• WHAT THE TASK ASKS: For this exercise, retype every record below exactly and keep the pictures out.
________
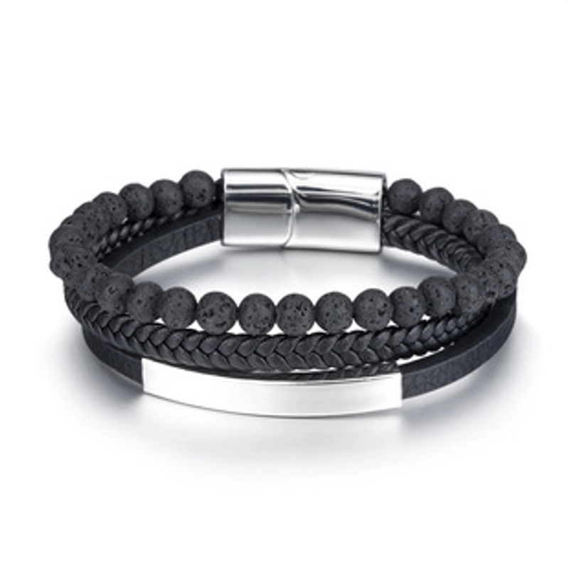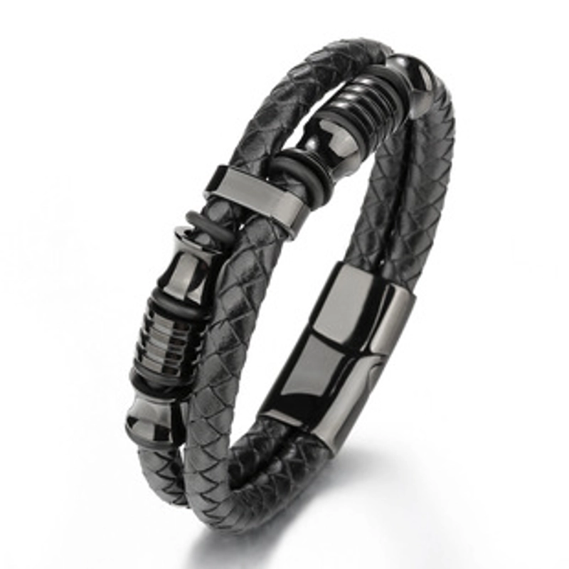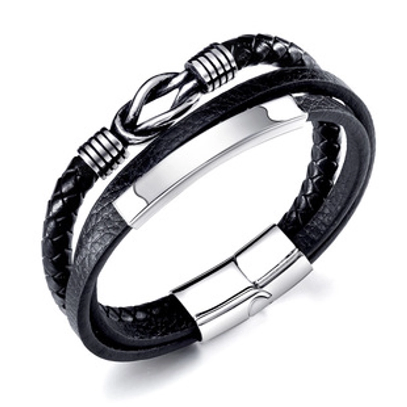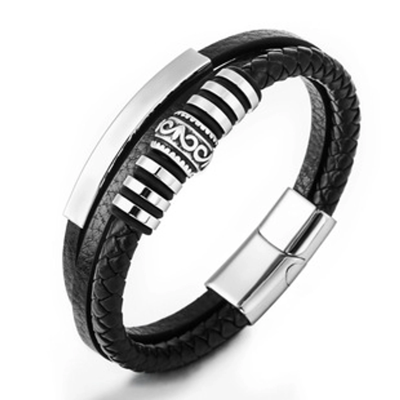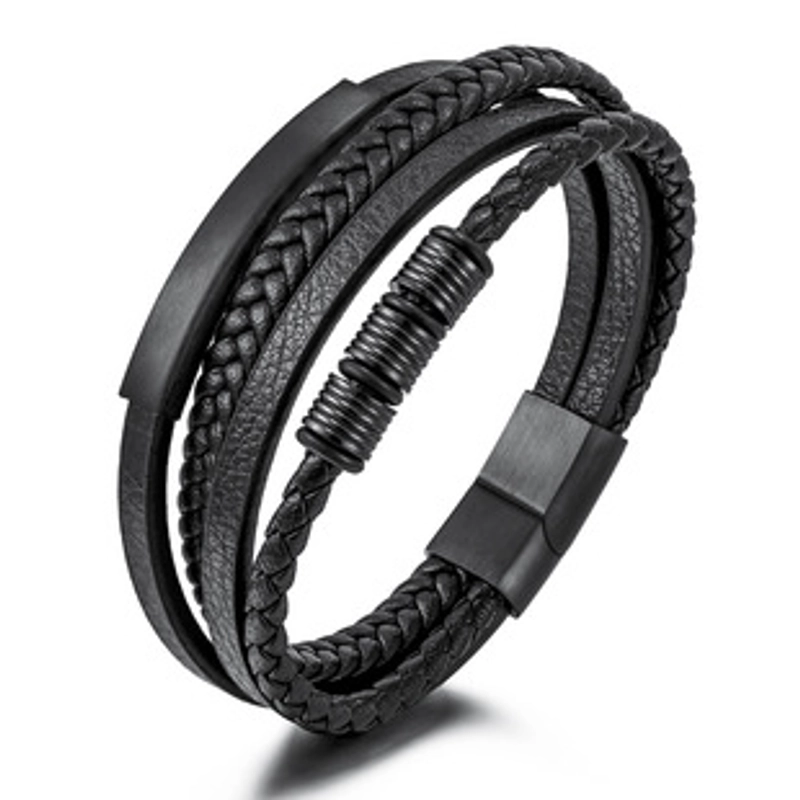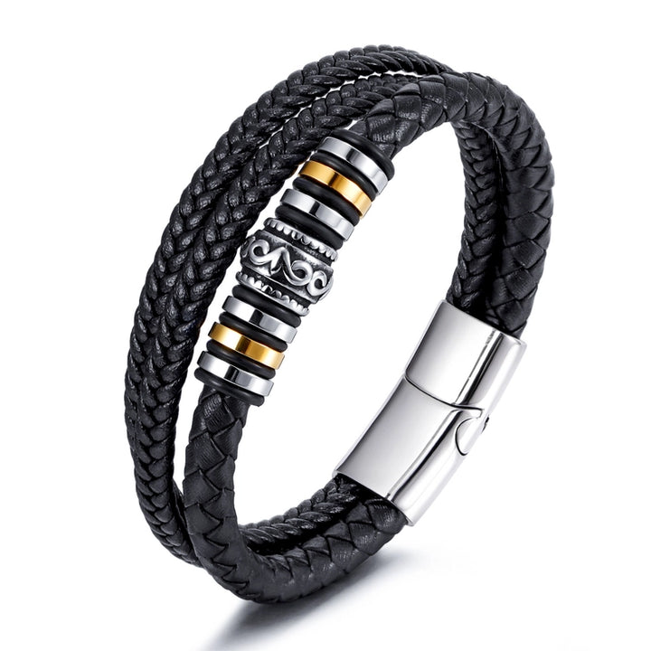 National Style Jewelry Stainless Steel Bracelet Men'S Multi-Layer Woven Leather Rope Titanium Steel Magnetic Buckle Bracelet
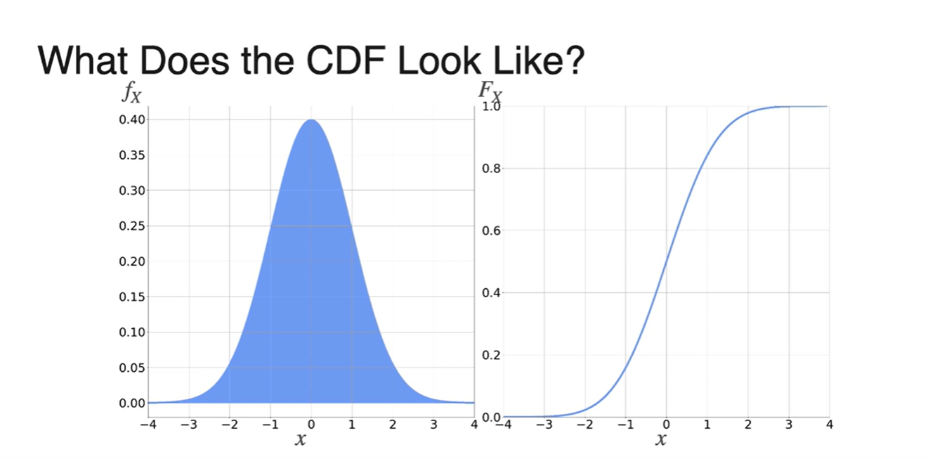 가 normal distribution을 따르기 때문에 해당 그래프의 구간 적분 값이 의 CDF다.
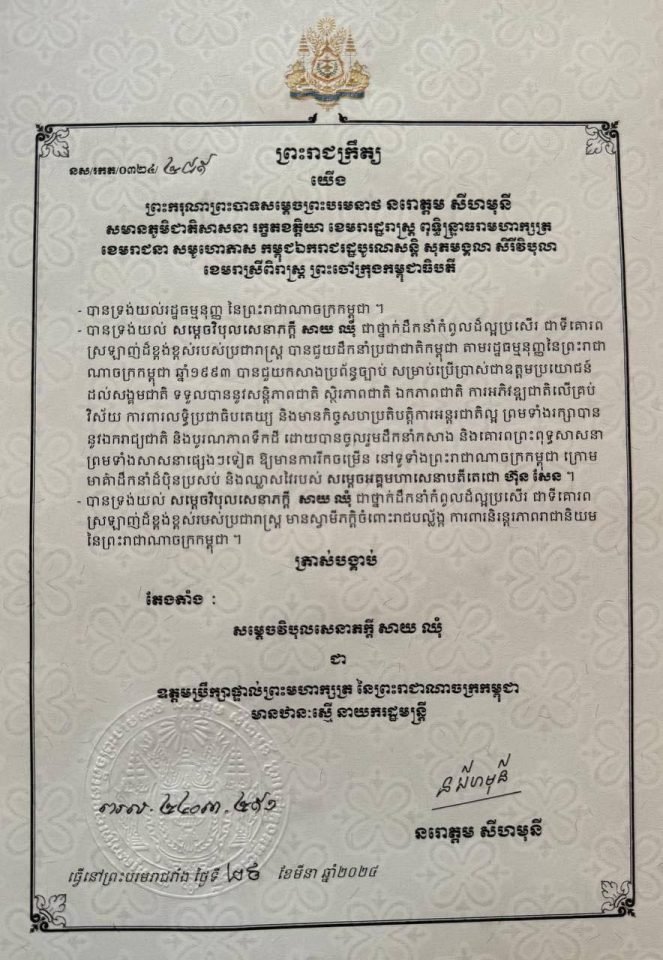 (ភ្នំពេញ)៖ ព្រះករុណា ព្រះបាទ សម្តេចព្រះបរមនាថ នរោត្តម សីហមុនី ព្រះមហាក្សត្រនៃព្រះរាជាណា ចក្រ កម្ពុជា បានចេញព្រះរាជក្រឹត្យត្រាស់បង្គាប់តែងតាំង សម្តេចវិបុលសេនាភក្តី សាយ ឈុំ ជាឧត្តមប្រឹក្សាផ្ទាល់ព្រះមហាក្សត្រនៃកម្ពុជា មានឋានៈស្មើនាយករដ្ឋមន្ត្រី។
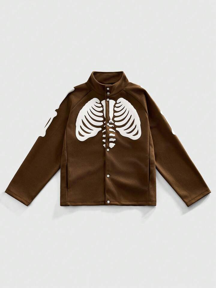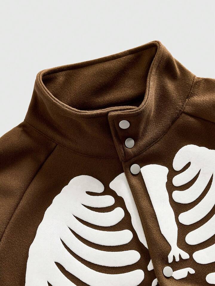 Street Life Veste décontractée pour hommes en mélange de laine avec imprimé squelette, automne/hiver
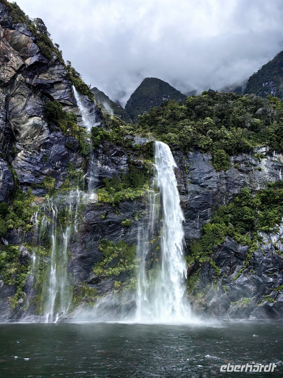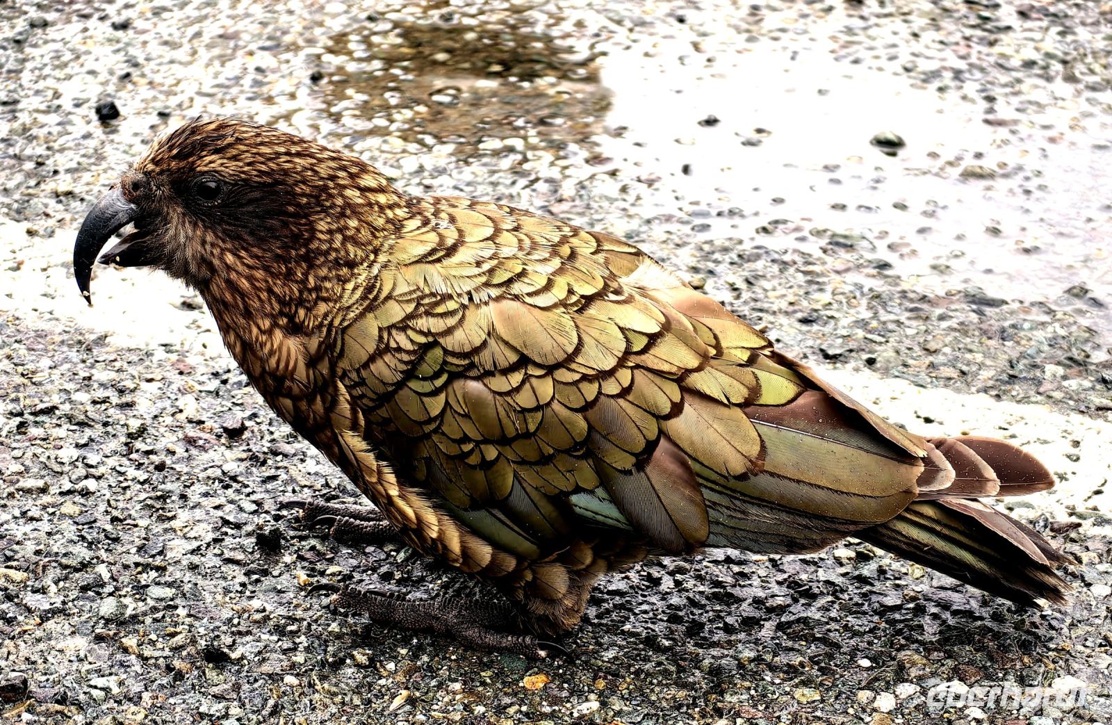 Als wir am Nachmittag den Hafen erreichen, sind wir von imposanten Felswänden umgeben, die höchste Erhebung ist der Mitre Peak oder auch Bischhofshut mit 1.292 Metern. Die Unterwasserwelt dieses Fjords ist einzigartig, Schwarzkorallen locken Taucher aus aller Welt an. Allein schon die Anfahrt über die einzige Straße, die Milford Sound Road, ist ein wirkliches Abenteuer. Sind wir die Tage zuvor durch karge Hügellandschaften gefahren, umgibt uns nun dichter Bergregenwald und hinter Te Anau, der letzten Stadt vor den Fjorden, gibt es keine weiteren bewohnten Orte mehr. Als wir an einem Parkplatz anhalten, spazieren die Keas, die neugierigen Bergpapageien, mitten zwischen Autos und Wohnmobilen herum und lassen sich durch uns überhaupt nicht stören. Sie sind auf der Suche nach Spielzeug und nicht selten sind das Isoliergummis von Autotüren. Einer schaut daher sehr interessiert zur Tür eines parkenden Wohnmobils hinein und was ein Kea erstmal interessant findet, untersucht er auch genauestens.
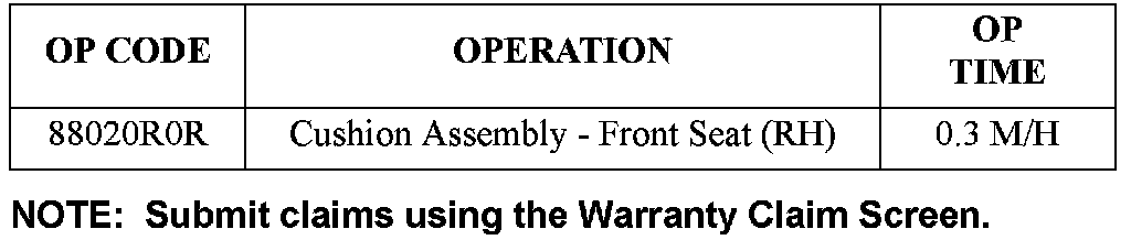 OCCUPANT CLASSIFICATION SYSTEM (OCS) PARTS REPLACEMENT
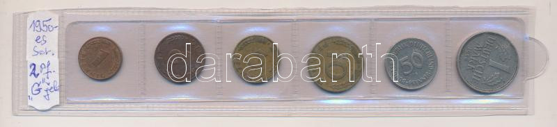 GFR 1950. 1 Pfennig - 10 Mark (6xdiff) serie, with 1950G 2 Pfennig C:XF
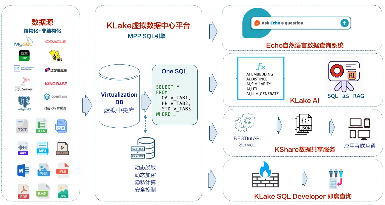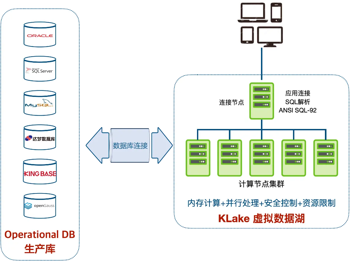 KLake — это SQL-вычислительный кластер на основе MPP (массово-параллельной обработки). Он не хранит данные, а динамически разбирает/выполняет SQL-запросы и возвращает результаты. Платформа предоставляет централизованное управление безопасностью и ресурсами
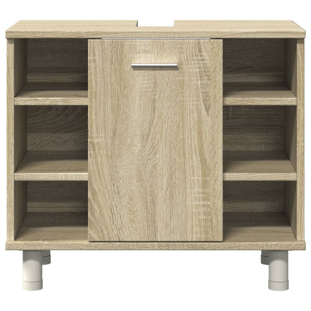 4 részes sonoma tölgyszínű szerelt fa fürdőszobai bútorszett
________
• WRITTEN SOLUTION:
 National Style Jewelry Stainless Steel Bracelet Men'S Multi-Layer Woven Leather Rope Titanium Steel Magnetic Buckle Bracelet
 가 normal distribution을 따르기 때문에 해당 그래프의 구간 적분 값이 의 CDF다.
 (ភ្នំពេញ)៖ ព្រះករុណា ព្រះបាទ សម្តេចព្រះបរមនាថ នរោត្តម សីហមុនី ព្រះមហាក្សត្រនៃព្រះរាជាណា ចក្រ កម្ពុជា បានចេញព្រះរាជក្រឹត្យត្រាស់បង្គាប់តែងតាំង សម្តេចវិបុលសេនាភក្តី សាយ ឈុំ ជាឧត្តមប្រឹក្សាផ្ទាល់ព្រះមហាក្សត្រនៃកម្ពុជា មានឋានៈស្មើនាយករដ្ឋមន្ត្រី។
 Street Life Veste décontractée pour hommes en mélange de laine avec imprimé squelette, automne/hiver
 Als wir am Nachmittag den Hafen erreichen, sind wir von imposanten Felswänden umgeben, die höchste Erhebung ist der Mitre Peak oder auch Bischhofshut mit 1.292 Metern. Die Unterwasserwelt dieses Fjords ist einzigartig, Schwarzkorallen locken Taucher aus aller Welt an. Allein schon die Anfahrt über die einzige Straße, die Milford Sound Road, ist ein wirkliches Abenteuer. Sind wir die Tage zuvor durch karge Hügellandschaften gefahren, umgibt uns nun dichter Bergregenwald und hinter Te Anau, der letzten Stadt vor den Fjorden, gibt es keine weiteren bewohnten Orte mehr. Als wir an einem Parkplatz anhalten, spazieren die Keas, die neugierigen Bergpapageien, mitten zwischen Autos und Wohnmobilen herum und lassen sich durch uns überhaupt nicht stören. Sie sind auf der Suche nach Spielzeug und nicht selten sind das Isoliergummis von Autotüren. Einer schaut daher sehr interessiert zur Tür eines parkenden Wohnmobils hinein und was ein Kea erstmal interessant findet, untersucht er auch genauestens.
 OCCUPANT CLASSIFICATION SYSTEM (OCS) PARTS REPLACEMENT
 GFR 1950. 1 Pfennig - 10 Mark (6xdiff) serie, with 1950G 2 Pfennig C:XF
 KLake — это SQL-вычислительный кластер на основе MPP (массово-параллельной обработки). Он не хранит данные, а динамически разбирает/выполняет SQL-запросы и возвращает результаты. Платформа предоставляет централизованное управление безопасностью и ресурсами
 4 részes sonoma tölgyszínű szerelt fa fürdőszobai bútorszett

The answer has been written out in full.